Tea time with Love He Said
Interview with Inès Sedan, director of Love He Said
Could you describe your admiration for Charles Bukowski and how you found out about this public appearance?
I discovered this public appearance by Bukowski almost by chance. I was working on another animation project and listening to Tom Waits on YouTube when the autoplay feature suddenly put on this incredible reading by Bukowski. I immediately stopped what I was doing and let myself sink into the atmosphere of the recording. The images from his poem Lovecame to me one by one and when he finished his recitation, in my head I saw Bukowski crying, and that was when I decided to make a film about the recording. I bought a book with all his poems, I read and reread his novels, I wanted to know who this vulgar, punk writer was. Bukowski was a man who gave everything for his creation, a fighter, a man who believed in love despite everything. And after two years of work on this short film, I can safely say that Bukowski has become my best friend, like Bowie or Frida Kahlo, artists who help us get through difficult moments. Every so often I read his poem – my favorite Bukowski poem – The Genius of the Crowdand it gives me the courage to persist in my madness, my life.
The voice we hear is actually the original recording, correct? Is it complete or did you recompose it?
Yes, it’s the complete original recording, we didn’t even clean up the sound when did the mixing in order to preserve Bukowski’s voice and keep the trashy, slightly dirty side. The only part we added to the original sound recording is the part where he’s crying. In the original recording he doesn’t cry, but I wanted to concretize the image I had in my head when I heard it the first time.

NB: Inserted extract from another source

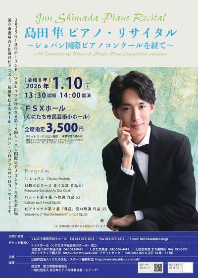 2025年10月ポーランド・ワルシャワで行われる第19回ショパン国際ピアノコンクール本大会出場、国立市出身の20歳のピアニスト・島田隼によるオール・ショパン・プログラムのソロコンサートです。
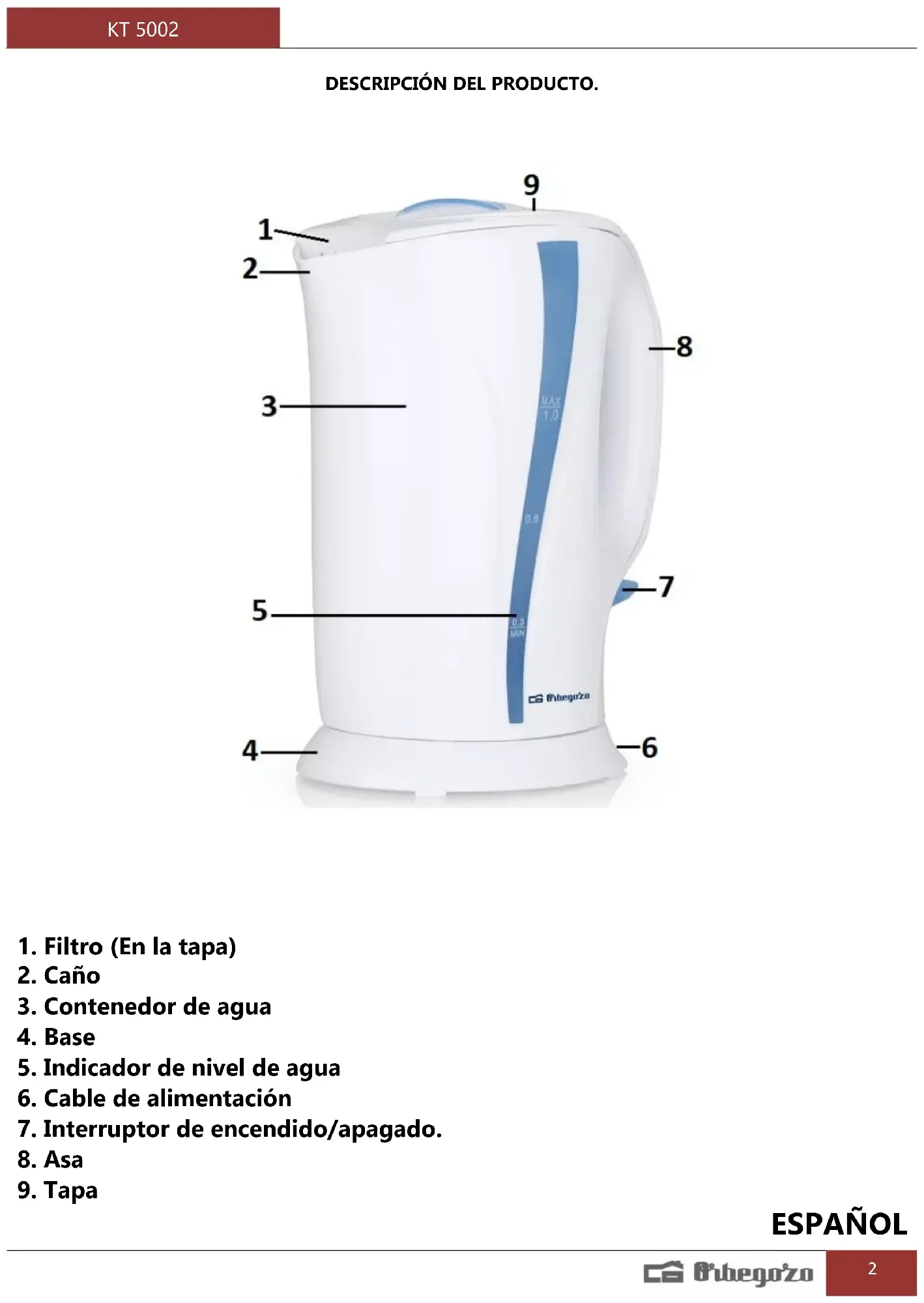 Descarga las instrucciones para tu Pava en formato PDF gratis! Encuentra tus instrucciones KT 5002 - Orbegozo y toma tu dispositivo electrónico nuevamente en la mano. En esta página están publicados todos los documentos necesarios para el uso de su dispositivo. KT 5002 de la marca Orbegozo.

Did you use real images as the basis for the animated sequence of the public reading?
The images of Bukowski’s reading are real, but I didn’t do standard rotoscoping [an animation technique that animators use to trace over motion picture footage, frame by frame, to produce realistic action – editor’s note]. The archival images I had access to were very bad quality, filmed at the time with a 16mm camera and completely ruined after being transferred to VHS for television (in 1973, so a long time ago). So I mixed a few still photos of Bukowski with the archival image. I first did cutout animation using After Effects, then I drew on the images – Bukowski’s face, hands and body – then I painted over each individual image with the program TVPaint to visually recreate his reading. There are no real images of this exact moment of his reading – I had to use other archives and also animate Bukowski’s face to accompany the movement of his mouth, lip-syncing it to the audio. Nothing is real in animation!J
What interested you in the relationship between wine and sexuality?

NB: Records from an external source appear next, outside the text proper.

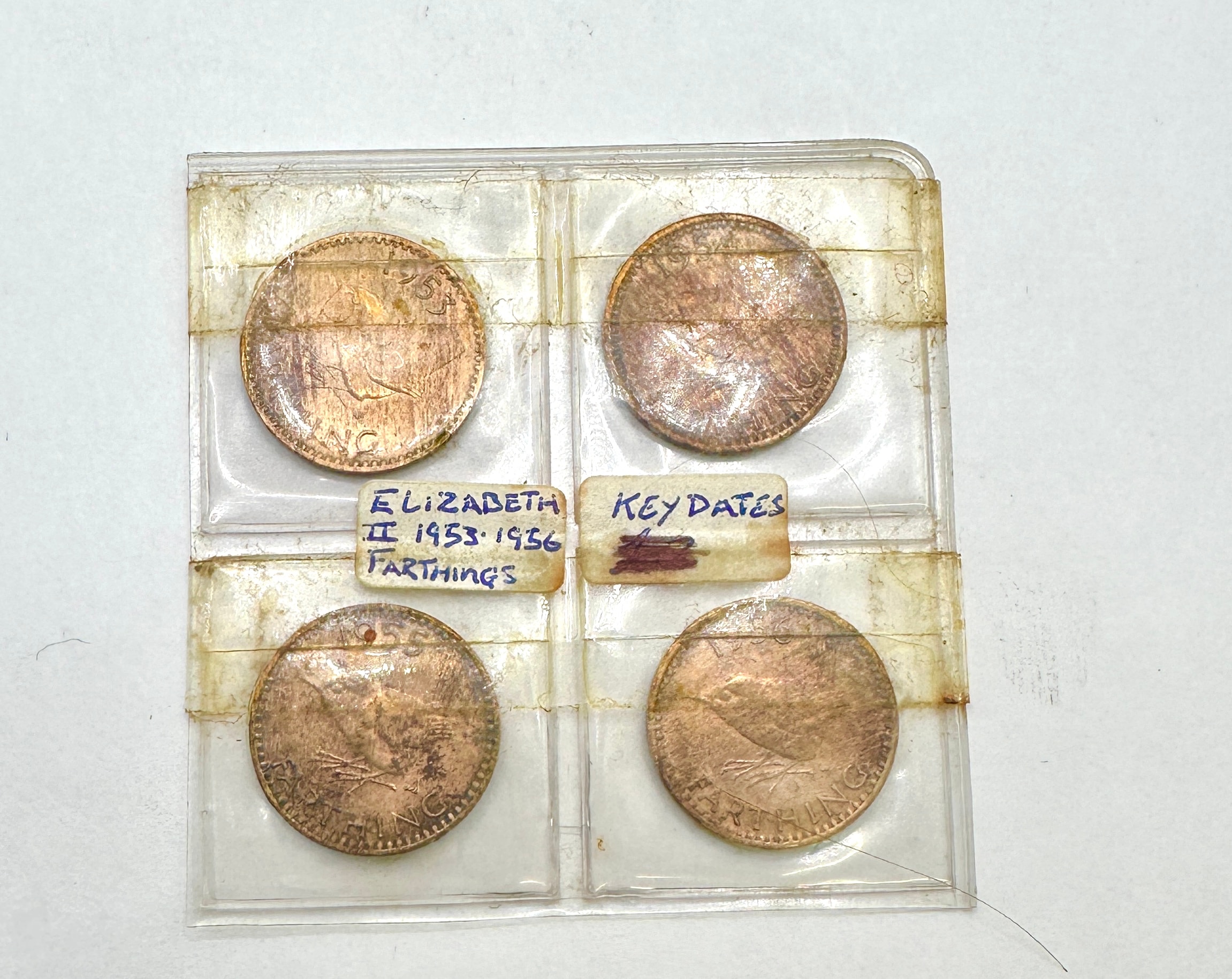 A collection of four circular, reddish-brown metallic coins, likely copper or bronze, identified as Great Britain Elizabeth II Farthings from the years 1953, 1954, 1955, and 1956. Each coin features a bird design (a wren) and partial text reading “ONE FARTHING.” The coins are housed within a four-pocket, clear plastic collector’s holder.
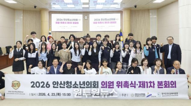 (원투원뉴스) 안산청소년의회가 지난 23일 열린 ‘2026 안산청소년의회 의원 위촉식’과 ‘안산청소년의회 제1차 본회의’를 시작으로 본격적인 활동에 들어갔다.
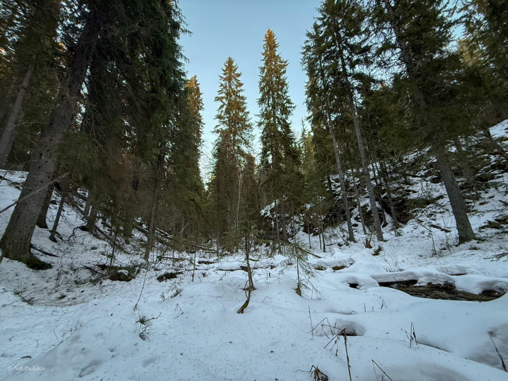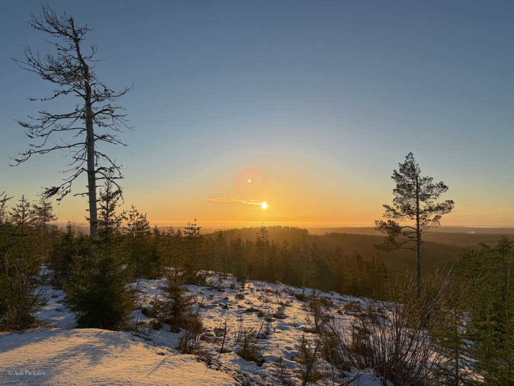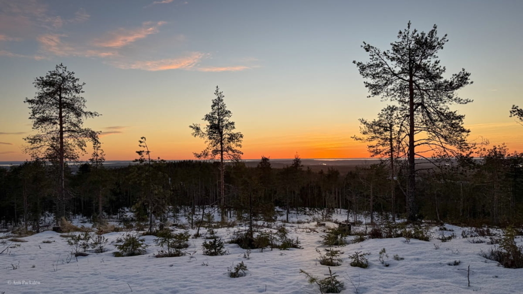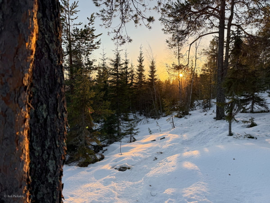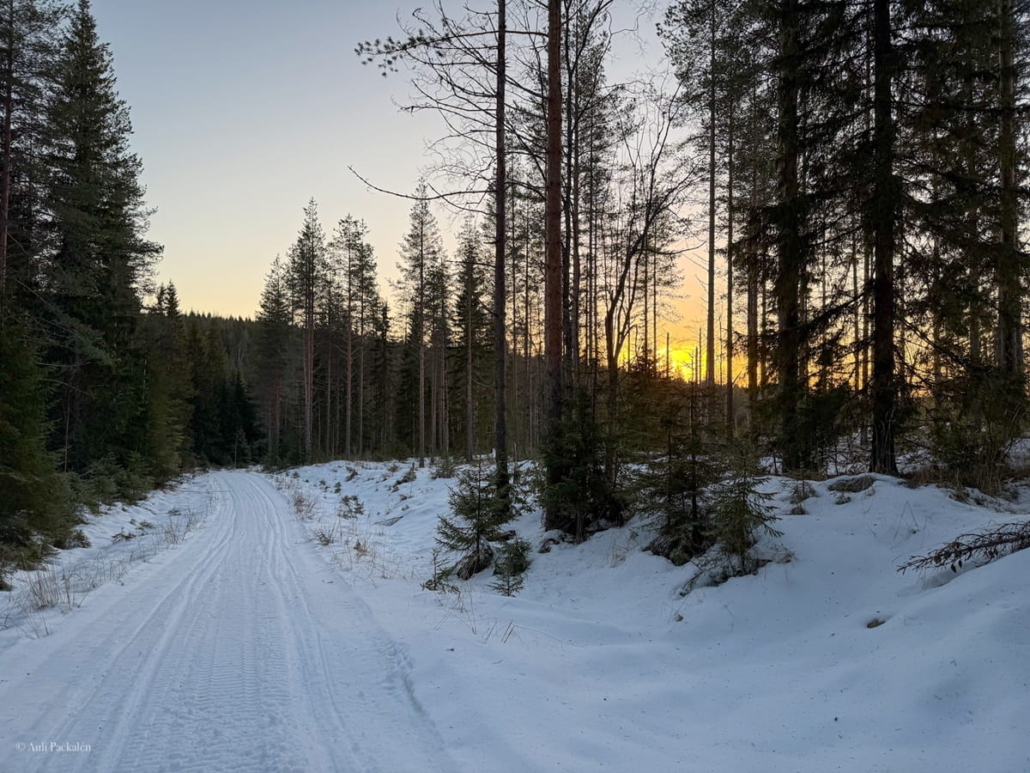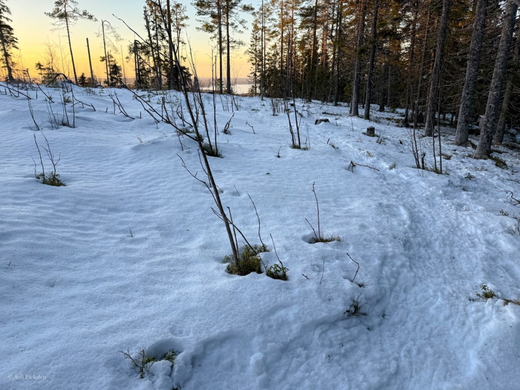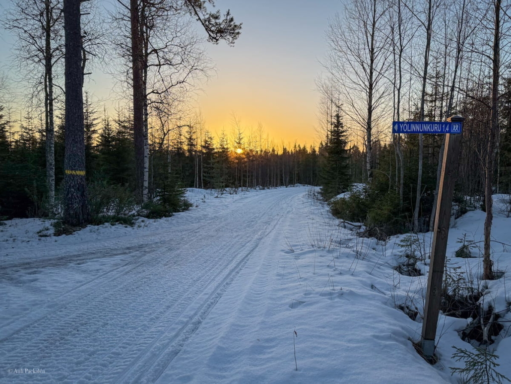 Jatkoin Yölinnunkurun ja Valkeisenkallioiden piston jälkeen Kurun polkua myötäpäivään. Lähestyvä auringonlasku värjäsi pilvetöntä taivasta, ja hyväpohjaista kelkkauraa matka taittui vauhdilla. Parin kilometrin jälkeen reitti yhdistyi Kantolan lenkkiin. Kelkkaura kääntyi oikealle kohti risteystä, josta olin aiemmin kääntynyt Kurun polulle. Käännyin risteyksestä vasemmalle seuraten Kantolan lenkkiä ja tallattua uraa kohti etelää.
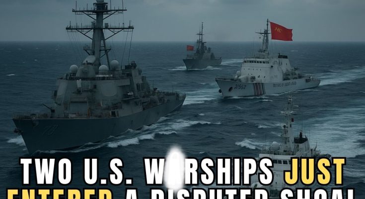 Tensions spiked in the South China Sea after two Chinese vessels collided near the Scarborough Shoal while pursuing a Philippine boat. In the aftermath, the United States briefly deployed two warships close to the shoal—an unmistakable signal that freedom of navigation and regional stability are on the line.

I’d say more like the relationship between sexuality and the bottle. In one of his poems, Bukowski produces an ode to beer, to the little bottle of beer which, unlike the women he frequented, was always there, faithful, by his side. That was my starting point: a bottle can represent both a man’s genitals and a woman. I play with that ambiguity in the dream sequence of my short film, where the bottle becomes a unisex sex toy, filled with a magic liquid that makes you forget the pains of love.
Does the theme of the vulnerability that each of us carries within ourselves hold a particular interest for you, and are you planning on making other films around this idea?
More than the theme of vulnerability, I’d say I’m interested in the urgent need every individual has of being loved, even a rough, vulgar man like Bukowski. Yes, absolutely, I’m currently working on another short film idea about a woman who loses her head searching for her soul mate, based on real story I heard on the radio!
Have you discovered any advantages that the short film form provides?
Yes, with the short form, I feel like I’m completely free, especially in animated shorts, at least for the way I work. For me, it’s like writing poems, just with images.
Love He Said is part of Lab Competition L4.